Ms. Michele Wee, General Director of Standard Chartered Bank Vietnam: The current context shows that challenges not only for Vietnam but many other countries are balancing between economic growth and price stability. Inflation risks, impending global shift towards monetary tightening could reduce policy flexibility. We believe that the SBV needs to keep interest rates unchanged, thereby helping to support credit growth and manage inflation risks. We expect Vietnam’s recovery to accelerate markedly in 2022, starting at the end of Q1. Growth forecast is 6.7% for 2022 and 7% for 2023.
Mr. Tim Evans, General Director of HSBC Vietnam: At the end of February, Vietnam’s exports showed a steady recovery. Exports increased by 13.6% year-on-year thanks to growth in other sectors, showing that factors outside Vietnam are very positive. However, Vietnam needs to be cautious in the context of high oil prices, and Vietnam’s trade has been clearly affected. While the base effect and the electronics sector that frequently require imports were the main drivers behind the strong import growth, petroleum imports in February nearly doubled last year’s one-month average. We appreciate the 350 trillion dong support package to boost production and investment, which was deployed early in the first quarter of this year. Vietnam’s medium-term outlook remains positive.
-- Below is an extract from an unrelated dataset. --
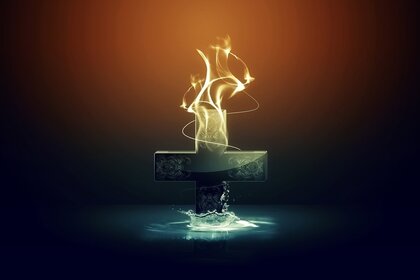 आग पर पानी में डूबता हुआ एक क्रॉस

Mr. Nguyen Minh Cuong, Chief Economist of the Asian Development Bank (ADB): Currently, Vietnam is maintaining an expansionary monetary and fiscal policy for economic recovery, but the potential for these two policies is gradually limited. In this context, control over services within the state’s management is very important such as gasoline, education, health care, electricity service prices, etc. The adjustment of these strategic commodities in addition to ensuring compliance with requirements. demand, market roadmap, reducing pressure on the state budget, but also need to make sure to consider growth drivers.
Ms. Sagarika Chandra, Country Credit Director of Fitch Ratings in the Asia-Pacific region: Currently, inflation is not a major concern threatening the Vietnamese economy. Vietnam has actively implemented measures to stabilize the macro-economy and improve the financial-banking system. In particular, the issuance of a fiscal-monetary stimulus package worth 350 trillion dong has helped Vietnam stabilize public debt, maintain its growth potential in the medium term, foreign exchange reserves are at a record level, creating a buffer for Vietnam to respond to external shocks. Therefore, Fitch ratings forecast that efforts to maintain macroeconomic stability, strive for a high growth rate, and further improve public finances through sustainable fiscal consolidation will be positive factors that will contribute to the success of the economy. further improve the national credit rating in the coming time.
In general, Vietnam’s recovery momentum stabilized in the first quarter. Most importantly, the pillars of economic growth have rebounded quickly with the rapid and effective absorption of economic stimulus packages. society.
However, the problem now is that the pressure of consumption of goods, services and investment will increase in the coming months. Therefore, one of the priorities right from the beginning of the second quarter is to continue to strengthen control of prices, markets and ensure the circulation of goods, as well as promote domestic production to move towards self-sufficiency in supply. domestic raw materials, fuel and materials, thereby limiting the impact of world price increases on the Vietnamese market.